Sunday, January 13, 2019

Supposed To Be

Hello everyone. How was your weekend? Mine was okay, thanks for asking. :)
   I have decided to write about something I hold very close to myself. Something that I think about constantly and worries me.
Some of you may remember from my first post me telling you all about my depression and how I've had it since I was young. The thing about depression, especially when you have it before you are even capable of understanding what it is, is that you get comfortable with it. It becomes such a large part of who we are that when faced with the opportunity and then making that decision to get better we go into a type of identity crisis.

I say we because I believe that is what I am going through and I know that I am not alone.

Beyond the typical teenage problems that we all have, those of us that have depression have additional issues and questions. The biggest one being, "Without my depression, who am I?".
When we take away the sickness, what is left of us? We didn't choose to be this way. Mental illness doesn't discriminate.

   I'm 17. I turn 18 in 9 months. I have a little over a year to decide what I want to do with the rest of my life and my personal issue isn't that. I know that I want to help people. But am I the kind of person to meditate, perform reiki or aromatherapy, be surrounded by herbs and do acupuncture. Or am I more suited for prescribing pills and fixing broken bones? Surrounded by white walls, and blood and disinfectant. Could I handle trying to save someone's life and forgive myself when their heart stops beating? I have so little time to decide.
   All the time we have spent alone in the company of our depression when we should have been out, living life. I am just now becoming comfortable with my mental state and doing things I should've done before. Hang out with friends, find love, try new things. Things that would help us define who we are. The sad reality is that I am insecure and unsatisfied with who I am. Sometime I feel I have to ask myself, "Do I like this because of who I am or who my depression made me to be?"

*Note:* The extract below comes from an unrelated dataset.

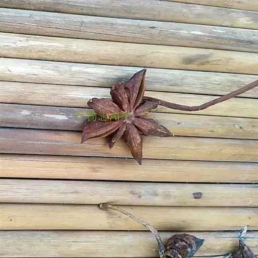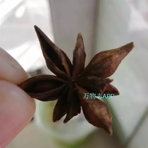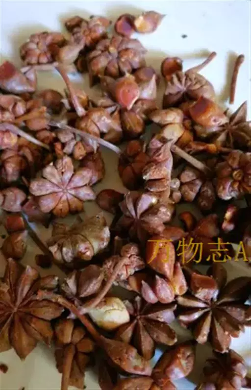 短柱八角:由10-13个果组成,单一果呈小艇形,长1.8-2.3厘米,宽1.5-1.8厘米,先端急尖,顶端不弯曲,果皮略厚,臭微,味微苦,辣,麻舌。

   I have already distinguished a few of these and with each one, I feel more satisfied with who I am becoming. I know it isn't easy for anyone and I know that it is going to be a while before I am completely confident in who I am. But that's why I write. To organize my head and define who I am.

   So as a little challenge for us all, define one thing about yourself. It doesn't have to be super specific or it can be as specific as you want it to. The point is to feel more sure about a part of yourself. Take as long as you want (and listen to this song while you're at it). And when you are finished, post it on twitter/facebook/Instagram with the hashtags #thehurtthehopemx and #SupposedToBe so I can see it and be proud of you for taking one step closer to being who you are supposed to be.

And never forget it is perfectly okay not to be okay. :) Goodbye, for now, dear friends.